Fire leads to problems resulting from heat, and problems resulting from smoke.

Apply enough heat to a tape and the temperature will rise above the curie point and all magnetic information will be lost and data recovery is no longer possible. Before this point is reached there are a number of other ways in which the tape will be damaged and recovery will be needed.

With DAT, AIT and other cassette type cartridges the casing will become distorted by heat before that is much of an impact upon the tape media. With LTO and DLT the cases are less likely to be affected in this way.

The supply reel of tape is tightly wound to form a dense mass of tape. It takes considerably longer for heat to affect this reel of tape than it does to damage any exposed length of tape. With DAT and AIT this means that the tape between the supply and take up reels will probably be damaged even though the bulk of the tape is not, this is especially true where the media contacts any part of the cartridge casing where it is likely to become affixed. DLT and LTO are less exposed in this respect as all of the recorded tape is wound and only a short length of the tape leader is exposed.

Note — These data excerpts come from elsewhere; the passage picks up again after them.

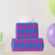 Un rouleau chic de papier d'emballage, avec un motif imitation patchwork de formes diamant, un bleu clair, des points bleus sur un arrière - plan Magenta.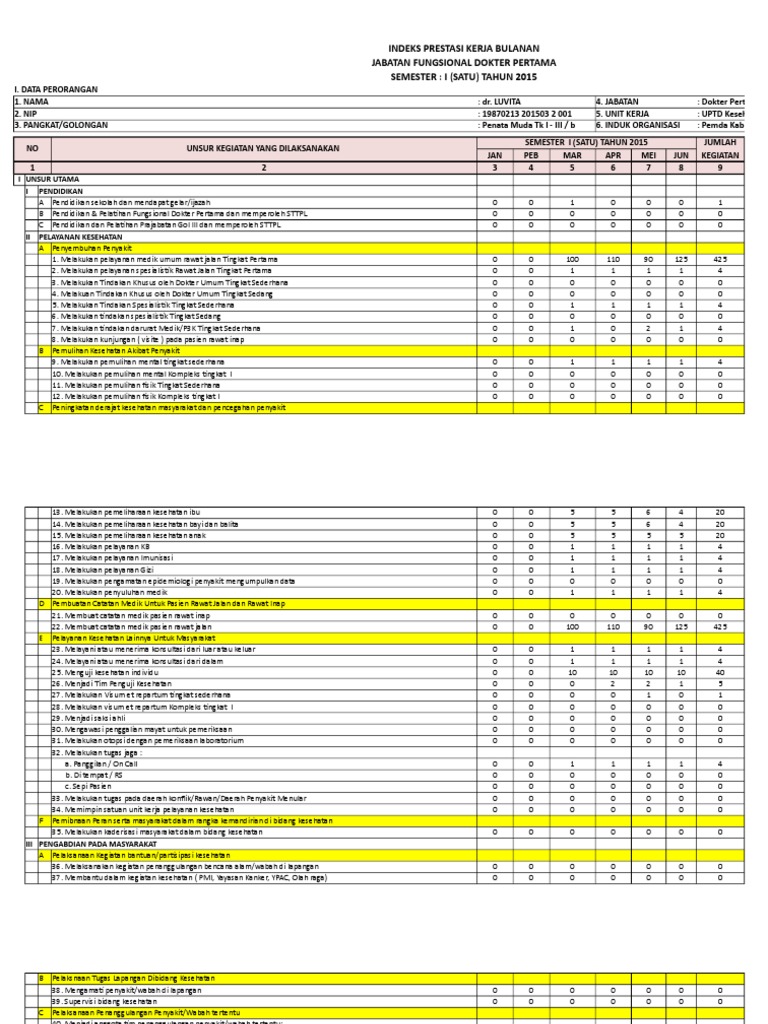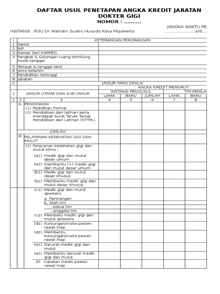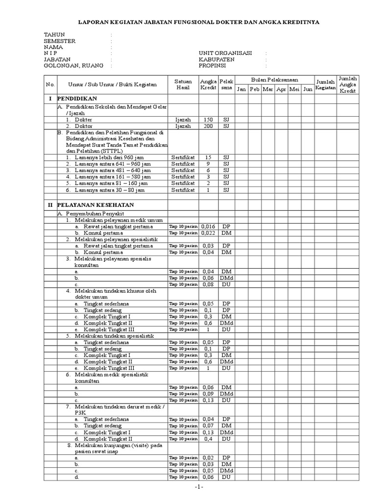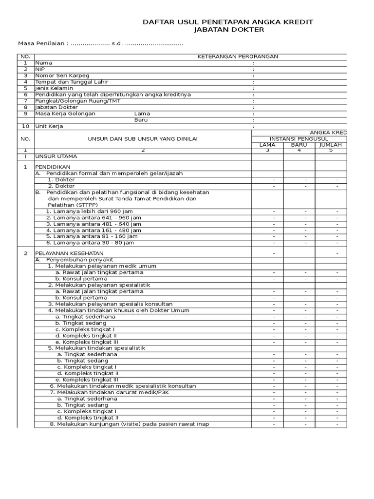 Angka kredit dokter umum. Nilai perilaku kerja PNS dinyatakan dengan angka dan sebutan sebagai berikut: a. 91 - 100 : Sangat Baik. b.76-90 : Baik. c.6I-75 : Cukup. d.51-60 : Kurang. e. 50 ke bawah : Buruk. Demikianlah yang dapat kami bagikan tentang Contoh Sasaran Kerja Pegawai (SKP) Tenaga Fungsional Umum Kesehatan, jika ada pertanyaan dapat ditanyakan pada kolom komentar. Jika berbagai peratuan tentang jabatan fungsional diatur melalui Peraturan Menpan RB atau Permenpan RB, namun untuk jabatan dokter gigi masih diatur dalam Keputusan Menpan, yakni Keuputusan Menteri Pendayagunaan Aparatur Negara dan Reformasi Birokrasi Kepmenpan RB Nomor 141/KEP/M.PAN/11/2003 tentang Jabatan Fungsional Dokter Gigi dan Angka Kreditnya. Download Formulir Dupak Dokter Umum PDF (13.00 MB) - SamPDF SamPDF Aplikasi SKP dan Dupak Dokter Umum Aplikasi SKP dan Dupak Dokter Umum...silahkan disimak cara penggunaanya...dan aplaksinya bisa didapatkan melalui url dibawah dan mohon di ingat bahwa kejujuran dalam membuat rekapan angka kredit harian dalam penggunaan aplikasi ini Created Date: 5/4/2012 4:36:10 PM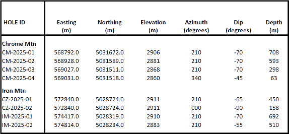 - Chrome Mountain – four holes in the DR/Hybrid deposit area to test the eastern extension of the resource area; and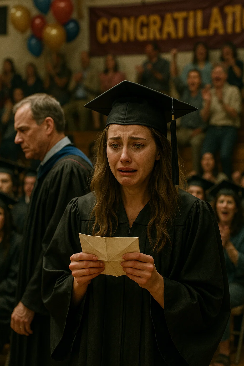 The gymnasium was packed, banners waving, families cheering as our class marched in with our caps and gowns. The smell of flowers and fresh paper programs filled the air, the buzz of excitement electric. I smiled, searching the crowd for my parents, waving when I spotted them in the bleachers. It was my day. My moment. I thought nothing could overshadow it—until my teacher pressed an envelope into my hand and whispered, “This is from your real father.” The words hit me like a thunderclap. My real father? My fingers…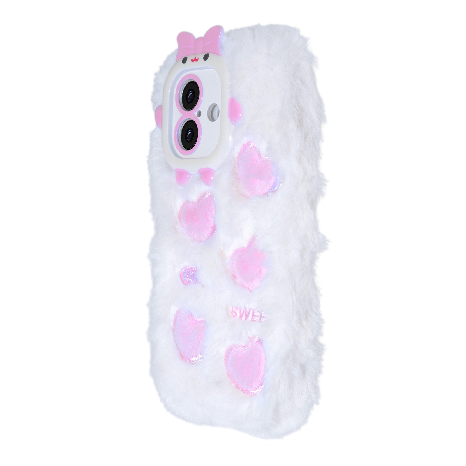 White Plush Silicone Double Heart Phone Case for iPhone 16 Plus – Soft Furry Cute Protective Cover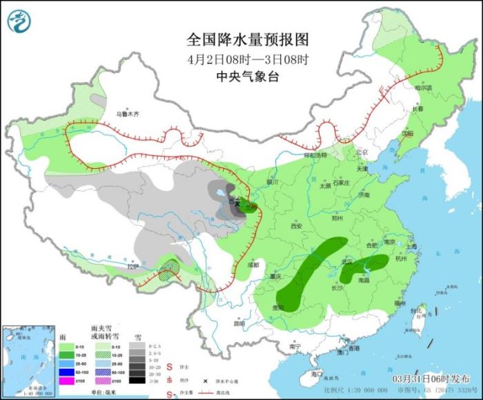 全國(guó)降水量預(yù)報(bào)圖(3月31日08時(shí)-4月1日08時(shí))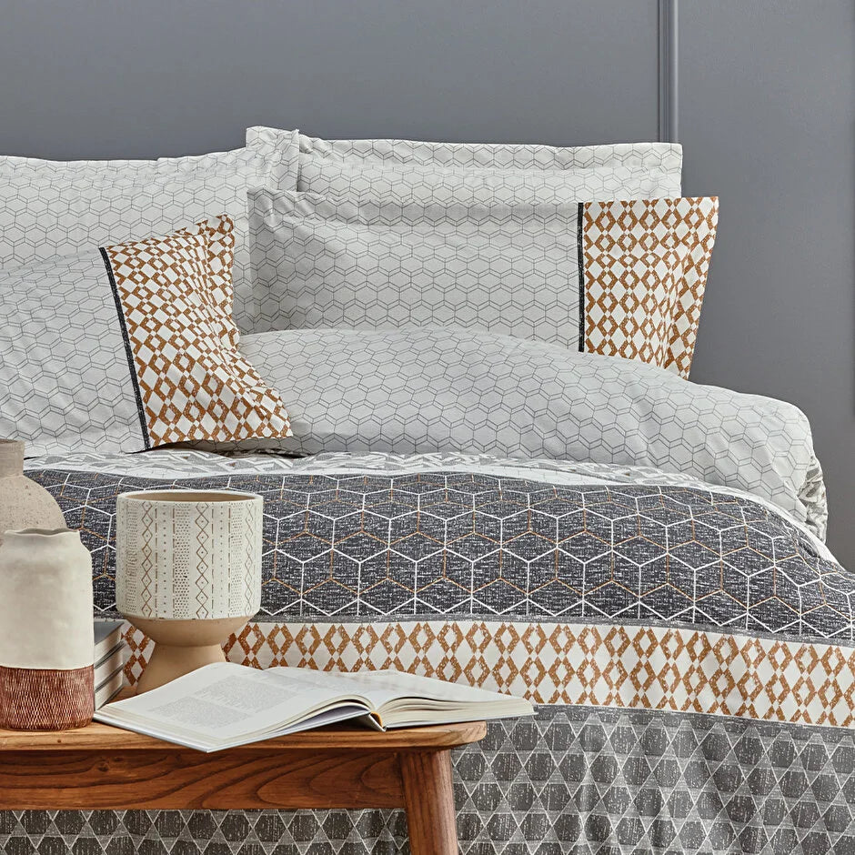Спалният комплект Taren придава на спалнята изискан стил чрез елегантната яркост на цветовете и оригиналния щрих на микродесените. Изработен от 100% памук, той предлага удобство и високо ниво на комфорт.

There are small metal components within all tapes and these tend to heat up quickly and any tape in the vicinity will be impacted more quickly than elsewhere. Also, the supply reel tape will become heated and expand which can cause some physical damage.

By far the biggest problem from a data recovery perspective is where there is enough heat as to cause the edges of the tape to fuse together. this can happen at a few points along the tape with the result that if the tape is run through a drive when it reaches a point where adjacent layers are stuck together the tape will tear.

Things are not always as dire as they look. If the tape is professionally re-cased having been properly tested for mechanical performance (i.e. it has been ascertained that it won't self-destruct during operation) then the chances of a successful data recovery are high.

Where there has been smoke damage then the situation is similar to that with water damage.

Re-casing in to a clean casing is essential, and the contaminated areas of the tape must be cleaned to remove the contamination. Smoke will not have worked inside the tightly wound tape, but could have settled on the edges of the tape so these need to be treated as well.

Data Recovery and Physically Damaged Tapes

As with Fire and Flood damage, if a tape case is damaged then proper preparatory work is required before any attempt is made to recover data. With AIT and DAT (and other cassette type mechanisms) there is a spring loaded shutter that protects the exposed section of tape. The shutter opens and closes during the cassette load and unload operation. If the shutter or any of its composite parts becomeĀ  damaged then tape could easily become stuck in the drive.

Although it might appear that only the casing of the tape is damaged there is a good chance that there could have been damage to the tape itself. The media must be thoroughly checked to ensure that there is no damage, or to correct any damage that is found, before any attempt is made to insert the tape into a drive and read data. Failure to check the tape could result in the tape failing in use and losing your vital data forever.

In all cases of damage or contamination it is essential that the media is dealt with by experienced professionals who know what to look for and how to deal with it. Data Recovery is practicable in most circumstances but only if the media is handled correctly.